Hanne füllte einen Becher mit Kaffee und gab Milch dazu. Dann trank sie einen halben Liter Saft aus dem Karton und merkte, dass sie keinen Hunger hatte. Morgens sehnte sie sich immer schrecklich nach einer Zigarette. Das überraschte sie. Als sie ein gutes Jahr zuvor endlich mit Rauchen aufgehört hatte, hatte sie sich vor allem vor den Abenden gefürchtet. Vor dem Alkohol. Vor dem Zusammensein mit anderen. Vielleicht auch vor dem Stress bei der Arbeit. Aber dann hatten die Morgen sich als das wirkliche Problem erwiesen. Sie lugte zum Schrank über dem Herd hinüber, wo Marry ihren Drehtabak deponierte, den Nefis einmal im Monat kaufte und den Marry, die sich sogar mit Nefis’ Befehl abfand, nur in ihrem eigenen kleinen Bereich der Wohnung zu rauchen, in Plastikdosen versiegelte.

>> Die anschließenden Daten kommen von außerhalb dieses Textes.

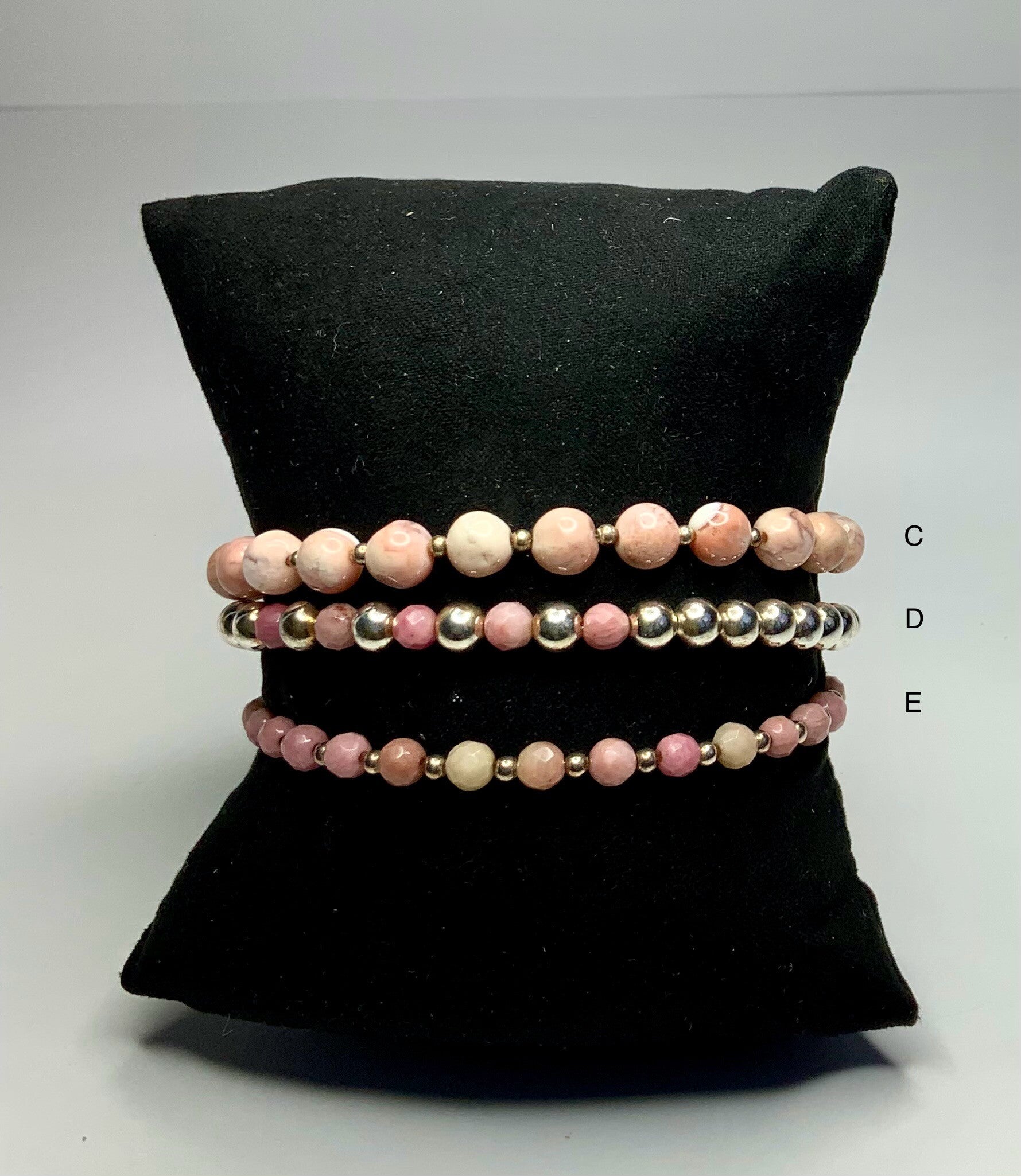 Pink C is een elastische armband met Rhodoniet om en om met 2,5mm zilveren kraaltjes.

Die Zeitung brachte gewaltige Schlagzeilen. Fast die ganze erste Seite war den Morden in der Eckersbergs gate gewidmet. Das Foto lief über sechs Spalten; die Fassade des Wohnhauses diente im Layout als Hintergrund für drei Privatfotos von Mutter, Vater und ältestem Sohn Stahlberg. Hermann Stahlberg war offenbar an Bord eines Bootes aufgenommen worden; er stand in einem feschen Blazer mit Goldknöpfen und dem Emblem der Reederei an der Reling. Er lächelte ein wenig, schob das Kinn vor und sah an der Kamera vorbei. Seine Frau lächelte etwas strahlender auf einem im Haus aufgenommenen Bild. Sie zerschnitt eine Sahnetorte mit mehr Kerzen, als Hanne zählen mochte, das Blitzlicht spiegelte sich in ihren Brillengläsern und gab der Frau etwas leicht Hysterisches. Prebens Bild war unscharf. Er wirkte viel jünger als seine über vierzig Jahre. Er hatte halblange Haare, und sein Hemd stand offen. Das Bild musste schon etliche Jahre alt sein.

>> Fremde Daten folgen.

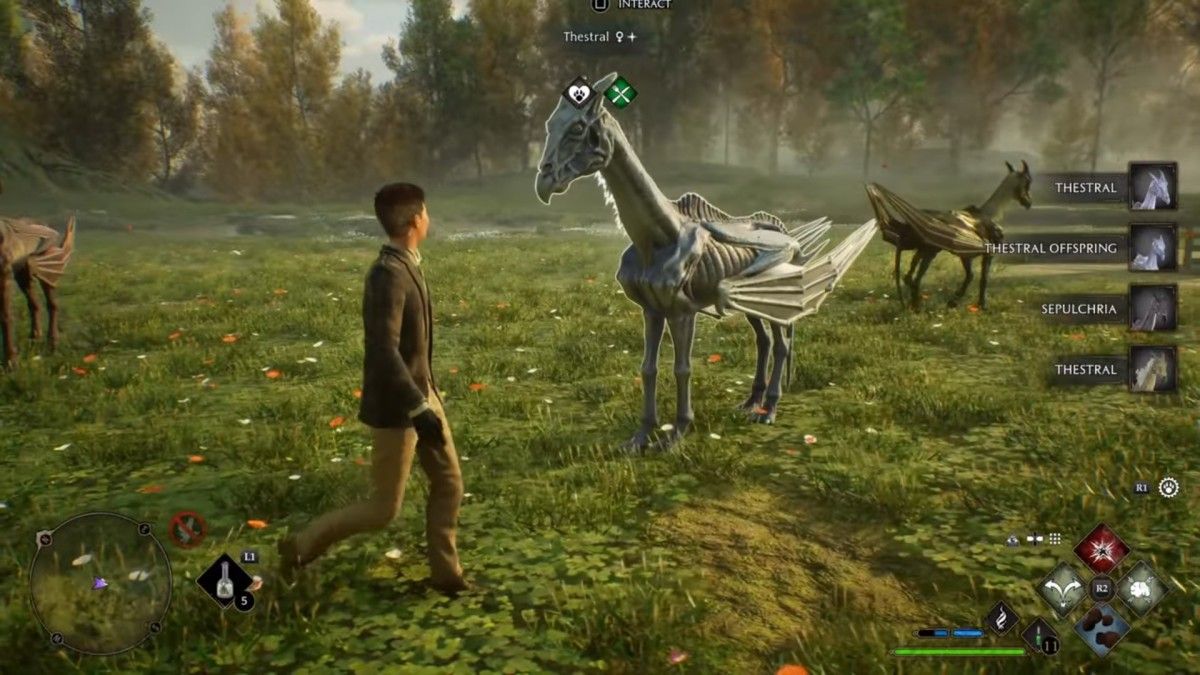 Para capturar con éxito un Thestral, debe utilizar el Amuleto de desilusión, que te permite acercarte a una manada sin asustar a los Thestrals. Sin sigilo, la mayoría de las bestias podrán escapar antes de que los jugadores puedan usar el Nab-Sack para capturarlas. Entonces, usando algunos hechizos como Arresto Momentum, Glacius y Leviosopuedes inmovilizar un Thestral y usar el Nab-Sack.

Woher nehmen die das?, dachte Hanne und ertränkte ihre Tabaksucht im Kaffee. Zwei, drei Stunden nach dem Mord, und schon schütteln sie private Bilder aus dem Ärmel. Wie machen sie das? Welche Fragen stellen sie, wenn sie sich an Bekannte und Verwandte wenden, noch ehe am Tatort das Blut geronnen ist? Und wer rückt solche Bilder heraus?
»Meine Hanna«, sagte Nefis mit sanfter Stimme.

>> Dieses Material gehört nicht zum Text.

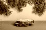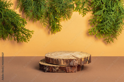 Natural style. Two wooden cutouts, round podiums with thuja branches on a beige background. Presentation of natural organic products. Selective focus.

Hanne fuhr zusammen und drehte sich um. Eine splitternackte Nefis breitete die Arme aus.
»Du bist immer so schreckhaft. Was soll ich denn dagegen tun, dass ich dich immer erschrecke? Mir eine Klingel um den Hals binden?«
»Glocke«, sagte Hanne. »Um den Hals trägt man Glocken. Kühe und Schafe und so. Du brauchst eine Glocke. Guten Morgen.«
Sie tauschten einen leichten Kuss. Nefis roch nach Nacht und bekam eine Gänsehaut, als Hanne ihren Rücken streichelte.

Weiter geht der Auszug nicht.